IN RE ESTATE OF MERIEN GANDOLFI, DECEASED — (KATHRYN PUCCI, APPELLANT,

v.

ROSE MARCHETTI, EXECUTOR, ET AL., APPELLEES.)



APPEAL from the Circuit Court of Bureau County; the Hon. HOBART W. GUNNING, Judge, presiding.

MR. JUSTICE ALLOY DELIVERED THE OPINION OF THE COURT:

This cause is before us on appeal from an order of the Circuit Court of Bureau County approving the executor's report of Rose Marchetti, executor of the will of Merien Gandolfi, deceased. The executor had reported that she divided a certain joint savings account among five daughters in accordance with oral instructions given to her by the decedent during her lifetime. Kathryn Pucci, a daughter and a residuary legatee, who had been omitted in the distribution of the joint tenancy account, filed objections to the report claiming that the bank account should have been distributed to the residuary legatees under the will.
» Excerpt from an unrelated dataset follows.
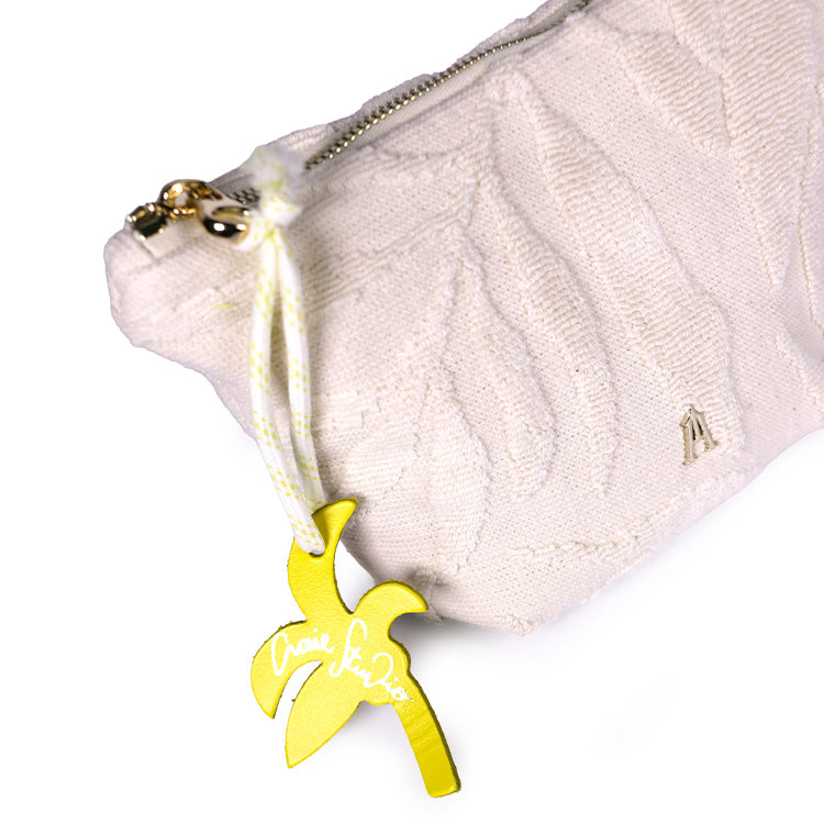 La trousse Sable Feuille coloris écru est une pochette issue de notre collection Craie Beach Club, développée dans un tissu éponge 100 % coton bouclette.
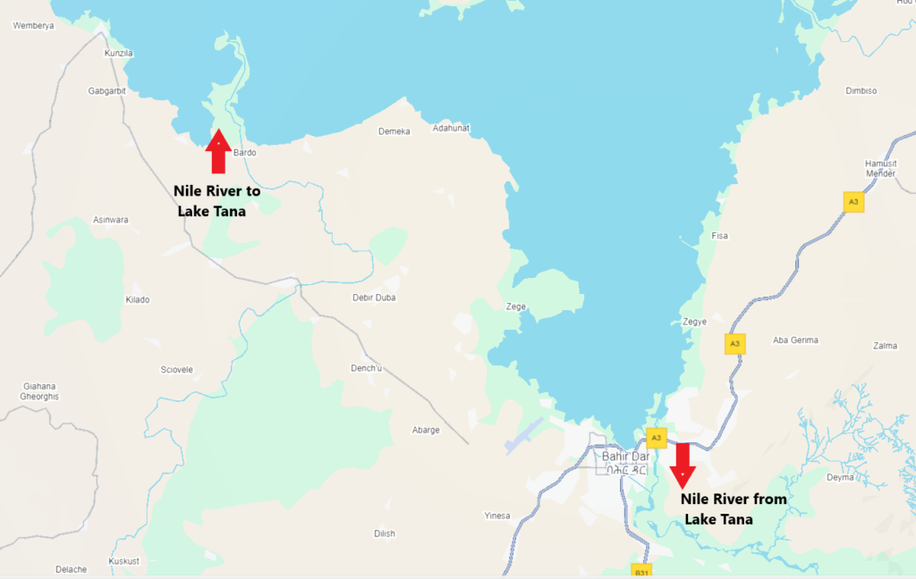 The Blue Nile originates from Gish Abay, Sekela in West Gojjam Zone, and runs to Lake Tana’s southwest corner, then runs from Lake Tana’s southeast corner, and flowing south over a lava dam to form the Tis Abay Falls. The Blue Nile contributes two thirds of all the Nile discharge, and covers about 4750 kilometers through Egypt and to the Mediterranean.

In March 1956 Merien Gandolfi, a widow with six daughters, opened a savings account in the Spring Valley City Bank in the sum of $5,240. The account was set up in the joint names of Merien Gandolfi and Rose Marchetti (one of the daughters) as joint tenants and a joint tenancy signature card was signed. All parties to the present controversy agreed that a valid joint tenancy account was set up and that it was the intent of Merien Gandolfi that upon her death the balance in such account was to pass to Rose Marchetti. Mrs. Gandolfi died January 8, 1967. Her will, dated August 21, 1957, left the residue of her estate equally to her six daughters. Mrs. Gandolfi had made no changes in the joint ownership of the joint tenancy bank account from the time it was opened, but she did make additions to the account and withdrew interest so that on the date of her death there was $10,000 in the account. It was agreed by the parties that only Mrs. Gandolfi's money went into the joint account.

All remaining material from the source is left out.